I do intense builds like this at time fellow that just keep me on the edge....I mean I LOVE detail work, no matter what or where, and to add to it, I'm a engineer that way too,. and it puts my skill to the test, and I love that "edge" feeling.....

After this one, who knows what one will become next, and what it might become!

But thanks! I appreciate the feedback on it, really makes it worth its while!


----------



## DCH10664

Just looking around and hoping for an update. :wave:


----------



## -Hemi-

-there will be I got/found the filter material I needed/wanted to carry on. SO stay tuned!!!!!

Been molding parts as of the past week.....I make a lot of my own parts, so....Specially motor parts so.....


----------



## DCH10664

-Hemi- said:


> -there will be I got/found the filter material I needed/wanted to carry on. SO stay tuned!!!!!
> 
> Been molding parts as of the past week.....I make a lot of my own parts, so....Specially motor parts so.....


Believe me,...I'm going to stay tuned. This is at the top of my list for builds I'm following. And I'm eager to see what's next.

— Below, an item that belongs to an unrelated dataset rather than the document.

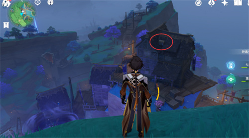 4.第三把钥匙位置如下图所示,来到悬崖边,飞到远方屋顶,上面就有一个普通宝箱,钥匙就在里面;

As for molding. That's something I haven't tried yet. I've seen some guys document how they do it. And it looks fairly easy. But I suspect it's one of those things that looks easier than it actually is.


----------



## HarleyCowboy

:wave: Hey fellow motorheads! Just nosin around here. I see some very impressive detailing and I like the fabrication on those tracks!. Anybody here into vintage drag?


----------



## -Hemi-

Thanks DCH!!!!! Yeah, I haven't done to much, BUT now that I'm over that hurdle, I'll be right back at it so.....

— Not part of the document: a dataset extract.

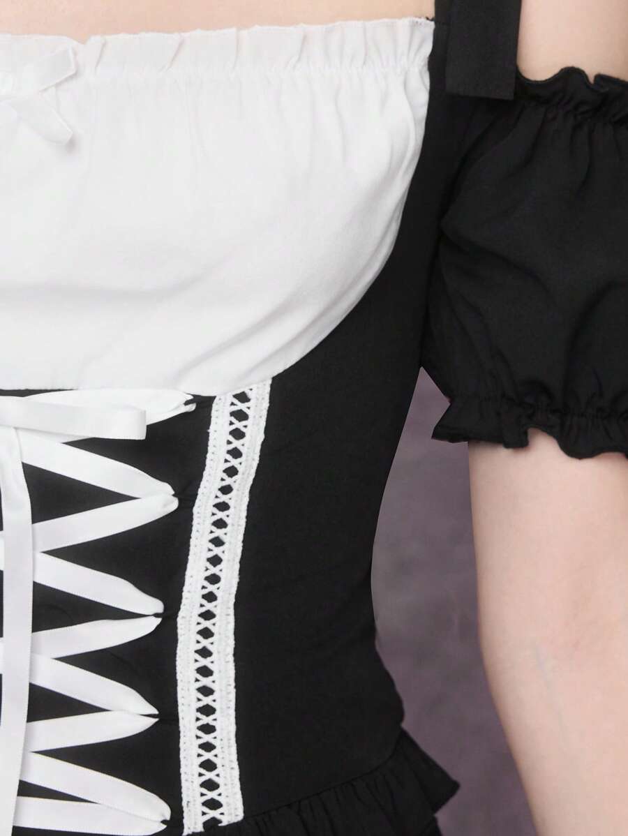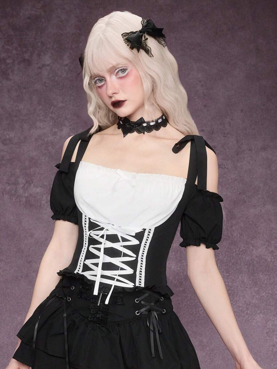 Retro Dark Gothic Doll Off Shoulder Bowknot Wrap Shoulder Strap Patchwork 2 In 1 Blouse

As far as vintage Drag, I am alittle bit.....What ya got? I'm more into the engines they use, for insame builds.....


----------



## DCH10664

Check your PM. You are in luck :thumbsup:


----------



## -Hemi-

DCH,
Thanks guy, did check! One to you in reply....

Now back to our (my) regularly scheduled program.....

Update. The floor pan has been worked on, things have been made to go in place, and some paint has been added to the floor pan of the truck! I have a little detail work to do BEFORE moving onto the rest of the trucks floor pan, BUT, the duct work has come along and will have "see-thru" filters on both sides, BUT will be in place before the interior of the cab is painted!

Pics as I have a chance to take a pic after paint is dry to touch!


----------



## whiskeyrat

Getting better and better *Hemi*! Like a knucklehead I only just now realized there are TWO blowers stacked on top of this monster... Absolutely _kick-ass!_ I never would have thought of this...I want one of these in real life...


----------



## -Hemi-

whiskeyrat said:


> Getting better and better *Hemi*! Like a knucklehead I only just now realized there are TWO blowers stacked on top of this monster... Absolutely _kick-ass!_ I never would have thought of this...I want one of these in real life...


Whiskey......ALL I can say is you and ME BOTH! I'd love to have one of these in real life, BUT, the cost of that damned motor might break us!!!!! ONLY one in the whole WORLD man!!!!!!!!! LOL

Not sure if you may have picked that up, BUT there are 2 turbos, 2 blower dual overhead cam HEMI, with dual spark plugs per cylinder.......This thing SCREAMS "POWER" :thumbsup:

Thats what I was wanting it to do in the first place....... plus to turn 4 hi-speed tracks? It need the power to be competitive!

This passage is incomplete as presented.